Más tarde pasó al frente del monasterio de San Pelayo de Antealtares, propiciado su gobierno por San Rosendo, ahora al frente de la diócesis de Iria Flavia-Santiago. Acompañó a éste al concilio que se celebró en León para suprimir el obispado de Simancas.
En este intervalo pasó a reinar en Galicia Bermudo II aupado por la nobleza gallega y que anhelaba gobernar también en tierras leonesas. Pedro, cuando menos, no debió mostrar oposición al monarca gallego enfrentado a Ramiro III de León, pues tras hacerse aquel con todo el reino de León, no sufrió menoscabo de su autoridad eclesiástica, antes bien recibió donaciones del conde Tello Alvítez en el año 985 con la bendición de los obispos San Viliulfo de Tuy, Hermenegildo de Lugo, Armentario de Dumio, Gonzalo de Orense y Payo de Iria Flavia-Santiago.
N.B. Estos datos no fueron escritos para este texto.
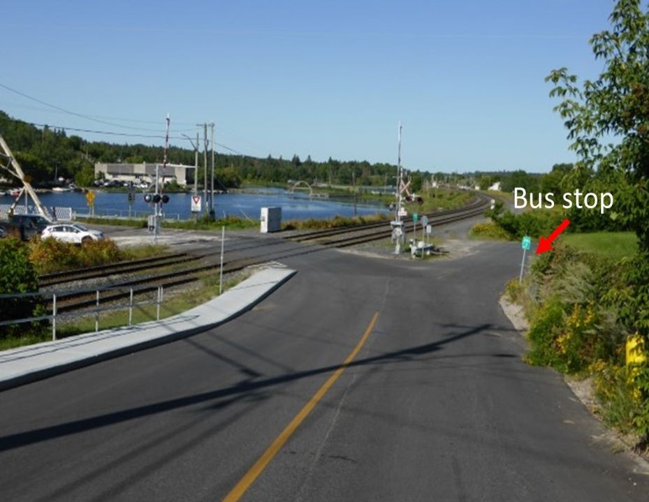 On the day of the occurrence, at about 0933, the bus was travelling south on the descending grade of Government Road approaching the city bus stop at the base of the road, just before the crossing (Figure 4). The driver observed a train approaching in the distance. The lights and bell at the crossing were activated, but the gates had not begun to descend. At that time, no passengers were waiting at the bus stop.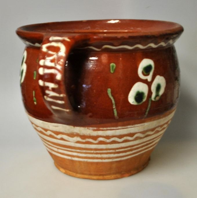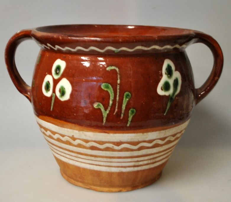 Two-handled jar with brown exterior coating, Sorring, ca. 1870, Denmark. Decorated with flowers. H.: 18 cm. Dia.: 20 cm.Item number: 28810

Posiblemente removido por el nuevo rey gallego, Payo Rodríguez renuncia a la mitra. Todos los votos convergen en Mezonzo. Este firma un documento el 16 de noviembre del año 985 como obispo de Iria y de la Sede Apostólica. Reafirmó Pedro este último título que tantos recelos inspirarían en Roma y que le causarían, décadas después, a Cresconio la pena de excomunión.
Ese año participa en las Cortes convocadas por Bermudo II para reafirmar su dominio pacífico sobre todo el reino de León. En enero de 986, confirma un diploma del rey gallego al convento de San Salvador de Celanova, y el 7 de febrero recibe de aquel un privilegio para su iglesia donde se le donan tierras de caballeros capturados y martirizados por Almanzor tras la devastación de la ciudad de Simancas. Más adelante, le donará los dominios de Salvatierra en el sur de Galicia, y Puertomarín, en el centro. Algunos de estos bienes se le conceden en usufructo incluso para el caso de que renuncie a la mitra compostelana, lo que es una muestra clara del afecto y veneración que el rey profesaba por el carismático obispo.
La nobleza gallega que elevara a Bermudo no quedara satisfecha con las prebendas del nuevo statu quo y empezaron a negociar alianzas con el victorioso Almanzor, ya por temor, ya por ansiar la protección y el impulso del dueño de Hispania.
Los magnates Suero Gundemariz, Gonzalo Menéndez, Galindo y Osorio Díaz llegaron a sublevarse, pero Mezonzo se mantuvo fiel al rey gallego y no fue factor de división ni turbulencia. En esos momentos de angustia e incertidumbre, tanto el rey como el obispo favorecen a los anacoretas del monte Ilicino (el Pico Sacro) para que asistan a sus gentes con oraciones y plegarias. Por aquel entonces también resolvió pacíficamente ciertas disputas entre Sobrado y el obispado de Lugo. Firmó también concordias con el Monasterio de Samos y restauró los terrenos y edificaciones del convento de San Estevan de Boiro arruinado por los normandos, anexionándolo al de Antealtares. En el Monasterio de San Martín Pinario favoreció los Oficios del Culto construyendo para los monjes una iglesia idónea en un momento en el que dicho convento estaba fuera de los muros de la ciudad y era arriesgado acudir a la Catedral.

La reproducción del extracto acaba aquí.